Book Synopsis British Children's Literature and Material Culture by : Jane Suzanne Carroll
Download or read book British Children's Literature and Material Culture written by Jane Suzanne Carroll and published by Bloomsbury Publishing. This book was released on 2021-10-21 with total page 208 pages. Available in PDF, EPUB and Kindle. Book excerpt: The 'golden age' of children's literature in the late 19th and early 20th century coincided with a boom in the production and trade of commodities. The first book-length study to situate children's literature within the consumer culture of this period, British Children's Literature and Material Culture explores the intersection of children's books, consumerism and the representation of commodities within British children's literature. In tracing the role of objects in key texts from the turn of the century, Jane Suzanne Carroll uncovers the connections between these fictional objects and the real objects that child consumers bought, used, cherished, broke, and threw away. Beginning with the Great Exhibition of 1851, this book takes stock of the changing attitudes towards consumer culture – a movement from celebration to suspicion – to demonstrate that children's literature was a key consumer product, one that influenced young people's views of and relationships with other kinds of commodities.

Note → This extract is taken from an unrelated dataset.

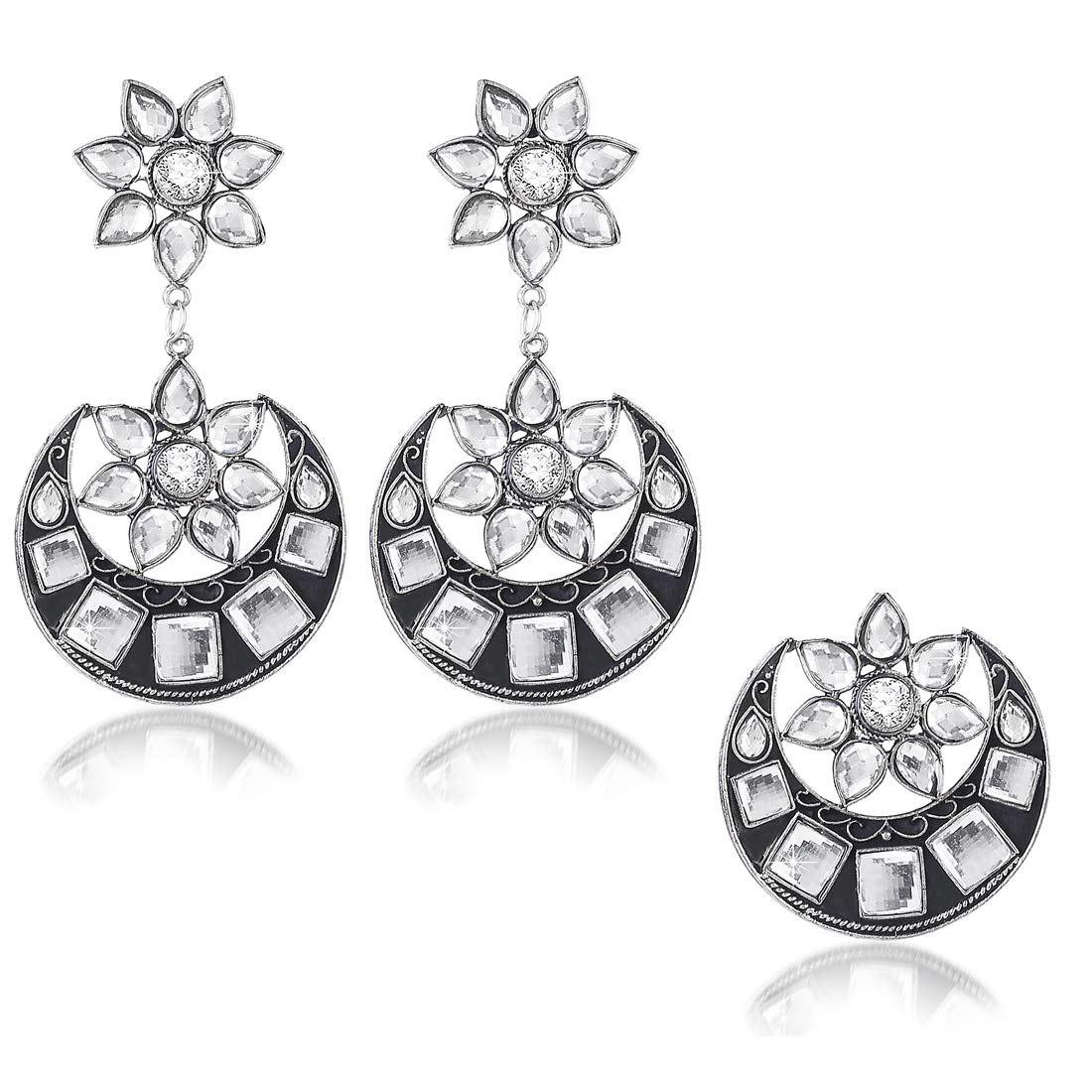 Yellow Chimes Oxidized Silver Traditional Earrings Adjustable Ring Combo for Women and Girls (Nude)

Drawing on a wide spectrum of well-known and less familiar texts from Britain, this book examines works from Lewis Carroll's Through the Looking Glass, and What Alice Found There and E. Nesbit's Five Children & It to Christina Rossetti's Speaking Likenesses and Mary Louisa Molesworth's The Cuckoo Clock. Placing children's fiction alongside historical documents, shop catalogues, lost property records, and advertisements, Carroll provides fresh critical insight into children's relationships with material culture and reveals that even the most fantastic texts had roots in the ordinary, everyday things.